第221回国会 ·第第5号号 ·1,620字
○小林(史)委員 自由民主党の小林史明です。  本日は、質問の機会をいただきまして、ありがとうございます。  まず、今回の質問の背景、問題意識を共有した上で質問に移っていきたいと思います。  言わずもがな、日本の根本的な課題は人口減少であります。これを反転させるために頑張っているところですが、そうはいっても、どんなに頑張っても、これが反転できるのは数十年後でありますので、その間は、我々、人口減少期を生きるということになります。そこに対して希望がない、むしろ不安が大きいことが国民の皆さんの足を止めている要因だと思っていますので、今我々がやるべきは、人口減少しても成長する強い経済、そして、人口減少しても十分に運営できる国の形を示していく必要があると思っています。  分かりやすく考えていくと、二〇四〇年、現役世代の人数が今よりも八割になる、いわゆる八掛け社会を豊かにする戦略を広く国民と共有し、官民で取り組むことが重要になります。そのとき目指すべき方向性は、あえて単純化をすると、テクノロジーを徹底活用し、徹底的に効率化を進めることで、今まで十人で行ってきた仕事を八人で回せるようにする、若しくは、付加価値を高め、サービス、製品の価値を、今まで百円で売っていたものを百五十円にしていく、この二つの道を我々は官民でどう実現していくかということが重要だと考えています。  この問題意識の下で、経産大臣、総務大臣に質問をしていきたいと思います。  まず、経産大臣、経済政策についてであります。  我々政府・与党では、徹底的に企業の国内投資を後押しをする大胆な設備投資税制、さらには競争力を高めるための研究開発税制を具体化をしてきました。
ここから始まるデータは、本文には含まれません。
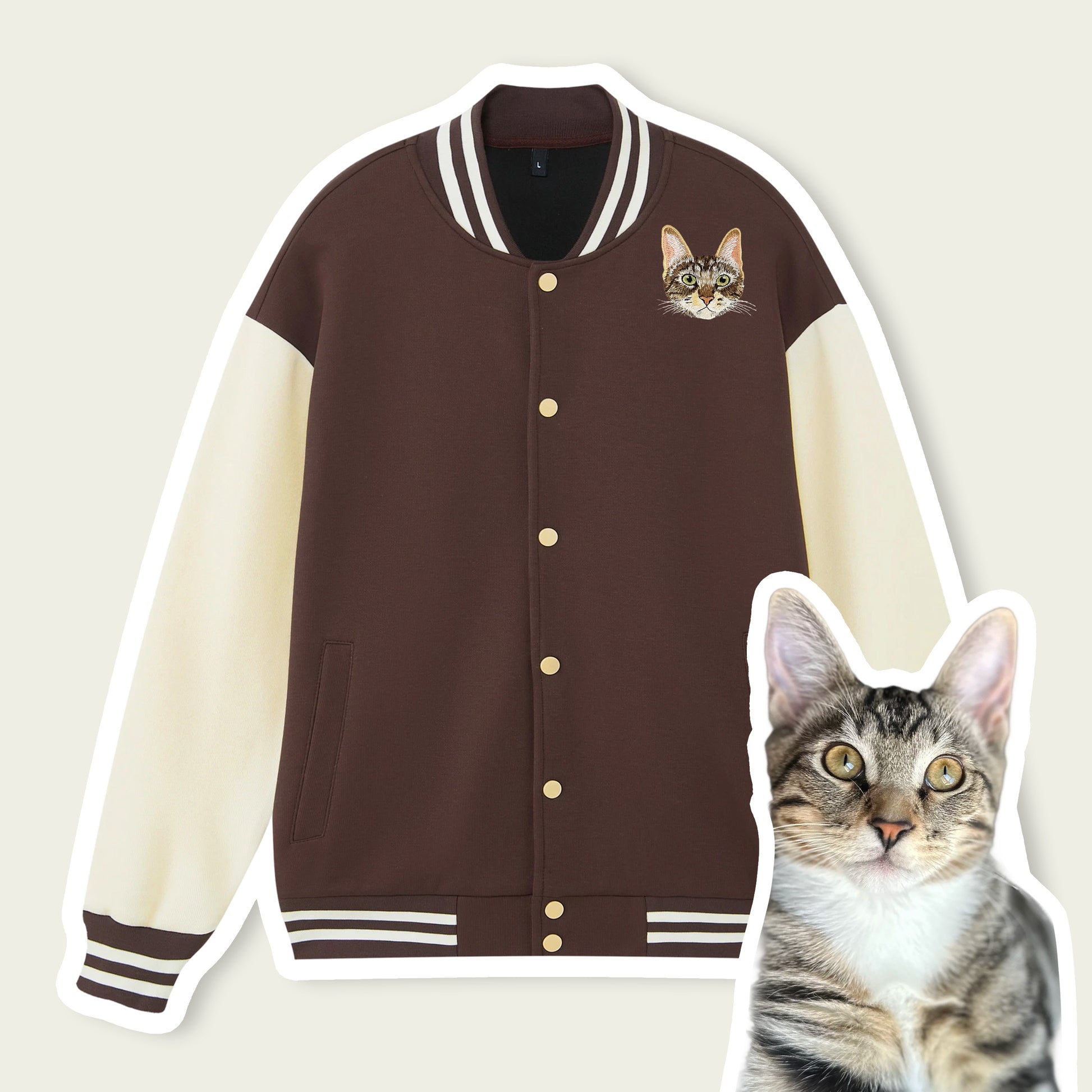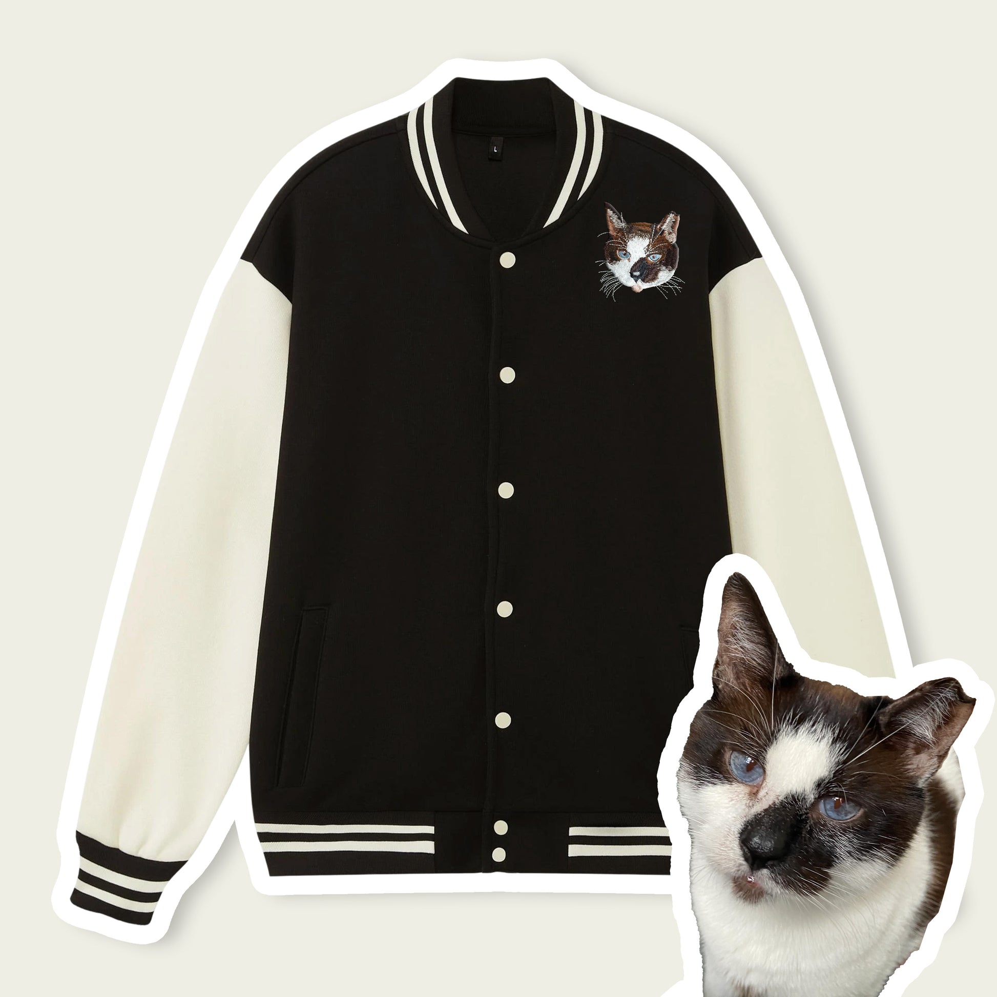 This jacket is perfect for anyone who loves their pets and wants to keep them close. Whether for yourself or as a gift, the Custom Pet Varsity Jacket is a stylish and thoughtful choice. Order yours today and wear your pet's love with pride!

今後は、高市総理が掲げる十七の成長分野を中心に、責任ある積極財政という考えの下で、政府が複数年の予算にコミットし、民間に予見性を提供することで民間の投資を誘発をしていくという政策が進められる予定です。これは非常に画期的ですので、きちっと協力をして中身を詰めていきたいと思っています。  ただ、それに加えて、根本的に必要なのは、やはり企業経営者や働く皆さんのアニマルスピリッツを呼び起こして、自律的に成長投資を行っていく、こういう環境をつくることだと思っています。そこで重要になるのがコーポレートガバナンス改革であります。  というわけで、一問目はコーポレートガバナンス改革について伺っていきたいと思います。  経産省が二〇一四年に出したいわゆる伊藤レポートから日本のコーポレートガバナンス改革は着実に進みまして、日本企業の経常利益は大きく改善をし、株価は十年で三倍を超えまして、直近は五万七千円を超えました。  一方で、自社株買いが十年前の数兆円から現在は二十兆円近くに急増するなど株主還元が大幅に増える一方で、設備投資や研究開発投資などの成長投資はそれほど拡大はしていません。そして、賃上げ水準も十分とは言えない状況だと思っています。  これを見ると、企業が短期的に対応できる株主還元が加速しまして、本丸であるはずの成長投資、ここが拡大し企業価値向上に続くという本来の姿にはなっていないと思います。当然、企業価値を高める上で投資家の目線は重要ですが、それだけではなくて、経営者の大胆な意思決定、これを後押しする観点も加えて、成長投資を軸に企業価値を拡大していく成長志向型のコーポレートガバナンスへの転換を図ることが重要ではないかというふうに思っています。  コーポレートガバナンス・コードの改定は金融庁の下で間もなく行われる予定になっていますが、これは金融庁だけに任せるのではなくて、やはり産業政策を担う経産省として、企業の経営者に対して成長志向型の企業統治や資本配分の考え方について実務的に実装可能なガイダンスを示していくべきと考えますが、赤澤大臣の見解を伺いたいと思います。